_What you have to do_
Please write out exactly the lines of the data below from the line holding "美国得克萨斯州杰斐逊县内奇斯港一座化工厂27日凌晨发生爆炸,目前造成3人受伤。 新华社发(宋穹 摄)" through the line holding "Handliche Lehre zum", and leave out the rest.

_Data extract_

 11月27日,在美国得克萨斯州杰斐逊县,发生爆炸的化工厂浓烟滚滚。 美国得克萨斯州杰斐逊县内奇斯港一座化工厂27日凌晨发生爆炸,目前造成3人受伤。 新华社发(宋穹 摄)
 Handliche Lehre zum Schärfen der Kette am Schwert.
...
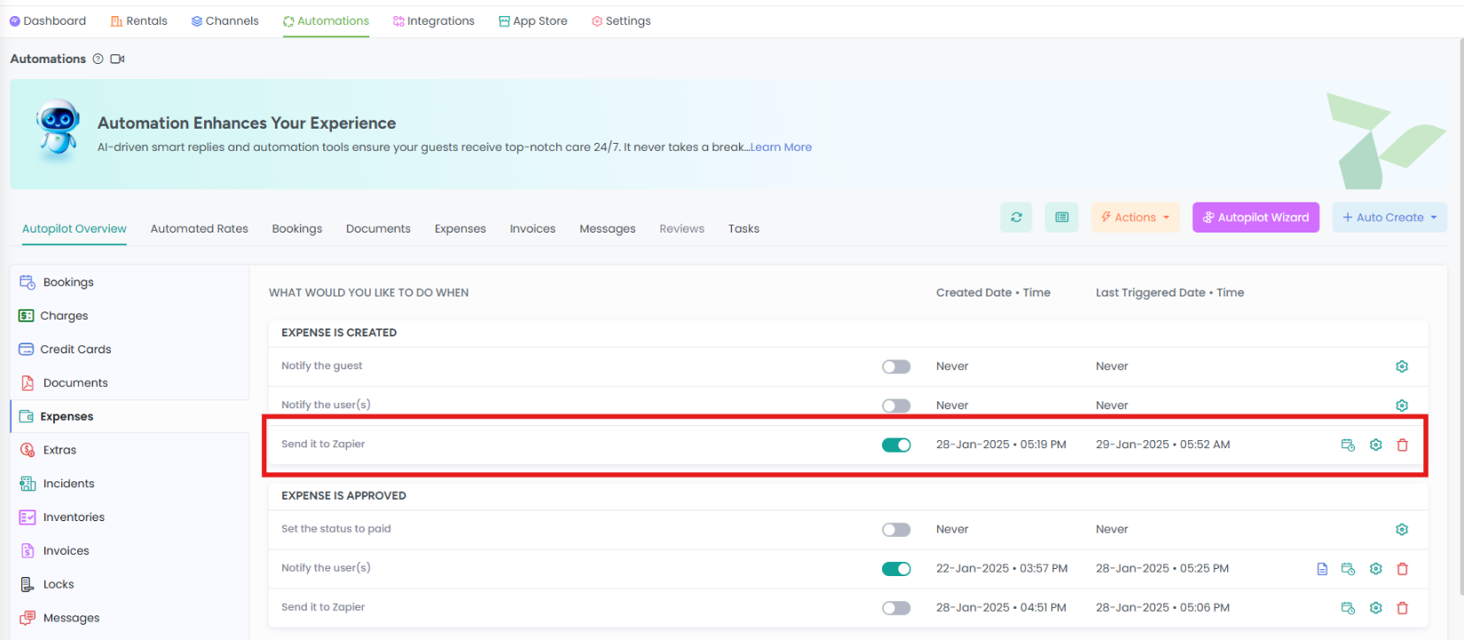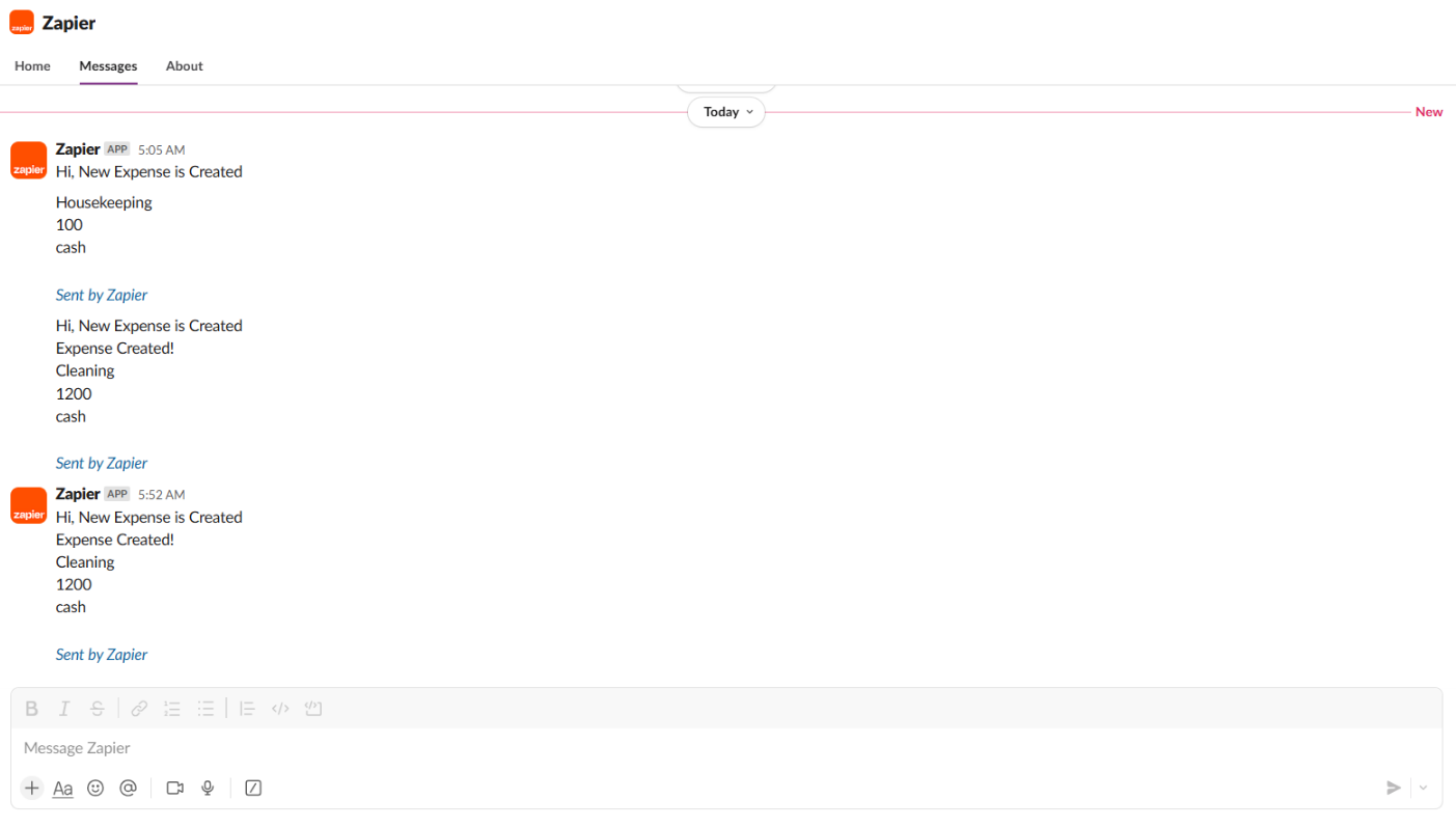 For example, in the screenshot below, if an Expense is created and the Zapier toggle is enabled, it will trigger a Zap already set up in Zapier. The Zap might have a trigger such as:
==
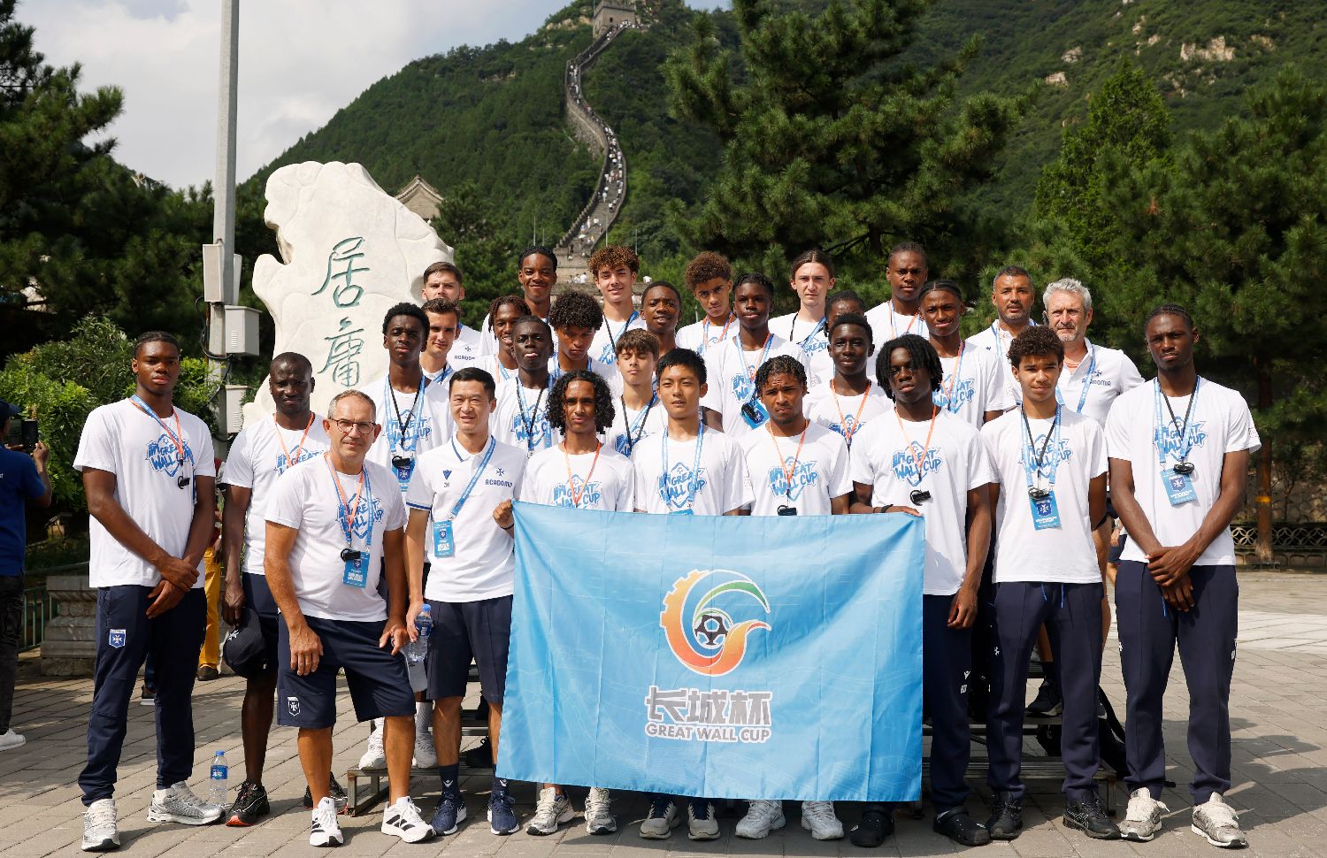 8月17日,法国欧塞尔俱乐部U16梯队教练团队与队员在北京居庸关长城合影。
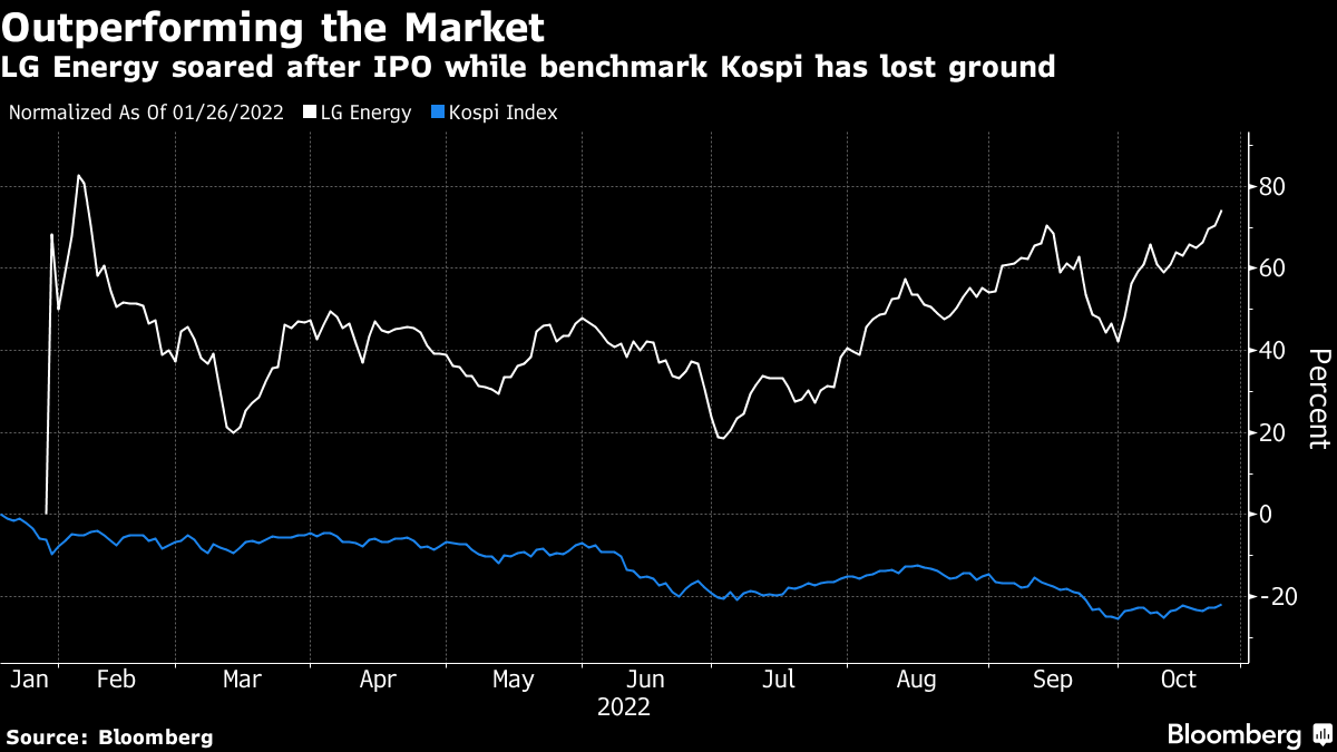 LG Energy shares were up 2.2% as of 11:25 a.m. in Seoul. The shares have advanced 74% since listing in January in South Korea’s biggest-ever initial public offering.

_Answer for the task_
 11月27日,在美国得克萨斯州杰斐逊县,发生爆炸的化工厂浓烟滚滚。 美国得克萨斯州杰斐逊县内奇斯港一座化工厂27日凌晨发生爆炸,目前造成3人受伤。 新华社发(宋穹 摄)
 Handliche Lehre zum Schärfen der Kette am Schwert.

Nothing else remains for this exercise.